Likewise, we do not find persuasive NSTAR's contention that the Acting Regional Director erroneously relied on “dismissive quantifications” to describe TSS and STOC duties, thereby supposedly “ignor[ing] the legal import” of TSS and STOC roles “by arguing that the instances simply do not occur often enough.” NSTAR is right that even a rarely exercised power can make a worker into a supervisor. See Me. Yankee Atomic Power Co. v. NLRB, 624 F.2d 347, 360 (1st Cir.1980). But, when considered with care, the record shows that the Acting Regional Director did not conclude that, because such powers were used with limited frequency, they cannot count as supervisory functions under the Act. Instead, we read the Acting Regional Director to have supportably found that NSTAR failed to show that the TSSs and STOCs have the authority to exercise any such functions or—in the case of one sort of power to assign—that NSTAR failed to show that the TSSs and STOCs are required to exercise independent judgment in exercising any such function. We thus affirm the Acting Regional Director's findings that the TSSs and STOCs are not supervisors.

III. Managerial Exclusion

Even if TSSs and STOCS do not qualify as supervisors, they may nonetheless fall within the Act's exclusion of “managerial employees.” The Supreme Court offered its most thorough guidance as to the scope of this exclusion in NLRB v. Yeshiva University, 444 U.S. 672, 100 S.Ct. 856, 63 L.Ed.2d 115 (1980).
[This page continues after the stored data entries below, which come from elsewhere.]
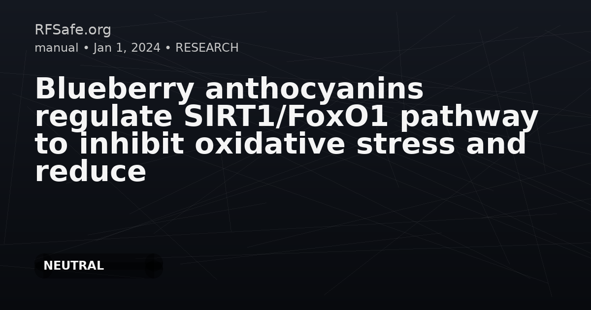 Blueberry anthocyanins regulate SIRT1/FoxO1 pathway to inhibit oxidative stress and reduce testicular tissue damage induced by microwave radiation in rats Pang Y, Men J, Li Y, Zhang J, Zhao L, et al. Blueberry anthocyanins regulate SIRT1/FoxO1 pathway to inhibit oxidative stress and reduce testicular tissue damage induced by microwave radiation in rats. Journal of Functional Foods. Vol. 122, 2024. doi: 10.1016/j.jff.2024.106523. Abstract Researches have shown that microwave radiation could cause oxidative stress injury in male reproductive system, and blueberry anthocyanins had excellent oxidation resistance. Our study aimed to investigate the protective effect of blueberry anthocyanins (100, 200 and 400 mg/kg/d) on testicular tissue damage in Wistar rats exposed to 2.856 GHz microwave and the optimal dose. We found that blueberry anthocyanins could ameliorate the decrease of sperm motility and sex hormone levels and testicular tissue structure damage caused by microwave radiation, increase SIRT1 expression and decrease FoxO1 expression, increase GSH/GSSG, SOD and inhibit MDA. The LDH, SDH and ATP synthase were increased, and Caspase-3 expression was decreased, and the high-dose of blueberry anthocyanins (400 mg/kg/d) had the best protective effect. These results suggested that blueberry anthocyanins could inhibit oxidative stress injury induced by 2.856 GHz microwave radiation in rat testicular tissue by regulating SIRT1/FoxO1 pathway, enhance energy metabolism and reduce cell apoptosis. Open access paper: sciencedirect.com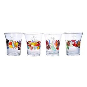 Amici Fresh Set of 4 Double Old Fashioned Glasses, 13-Ounce: Kitchen & Dining. It is a labor intensive process and each piece is truly a work of art. Amici's mouth blown, hand made Fresh Double Old Fashioned Glass features a modern flared shape and colorful glass chips. Glasses are made by hand then rolled in multi colored glass chips for a mosaic effect that forms a band around the middle. Glass is 4.2 inches tall by 3.8 inches wide with a capacity of 13 oz.
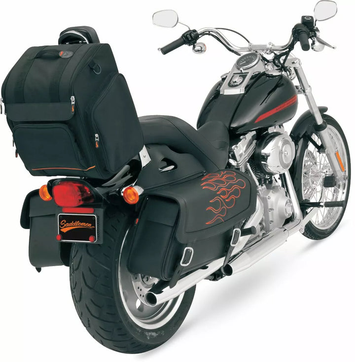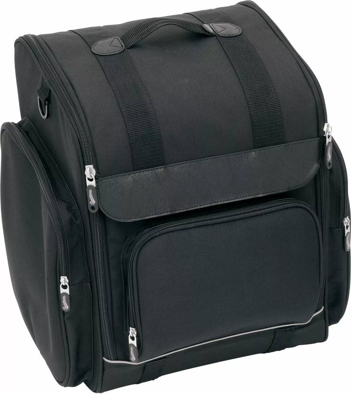Pohodlná velikost, plná funkcí, snadná montáž a neuvěřitelná hodnota, robustní, plně tuhá konstrukce drží tvar sáčku, i když je prázdný, plně nastavitelný montážní systém zahrnuje dvě pasti; Mount onto sissy bar, luggage rack or back seat, zip/hook-and-loop wide top opening with gusseted zip front, top carry handle and backpack/shoulder strap for easy toting off bike, Lockable zipper puls, features three exterior zipper pocket pocket Constructed of UV, Water and Weather resistant 1200-Deniers Saddletuff ™ and Saddlehyde ™ Panels, Dimensions: 16 "W X 17" H X 11.5 "D; měří 1 900 kubických palců, rozměry EU 40,64 cm Šířka x 43,18 cm výška x 23.

The Supreme Court held there that “an employee may be excluded as managerial only if he represents management interests by taking or recommending discretionary actions that effectively control or implement employer policy.” Id. at 683, 100 S.Ct. 856. The Court further explained that “employees whose decisionmaking is limited to the routine discharge of professional duties in projects to which they have been assigned cannot be excluded from coverage,” and that “[o]nly if an employee's activities fall outside the scope of the duties routinely performed by similarly situated professionals will he be found aligned with management.” Id. at 690, 100 S.Ct. 856. The Court also noted that, under this rule, “architects and engineers functioning as project captains for work performed by teams of professionals are deemed employees despite substantial planning responsibility and authority to direct and evaluate team members.”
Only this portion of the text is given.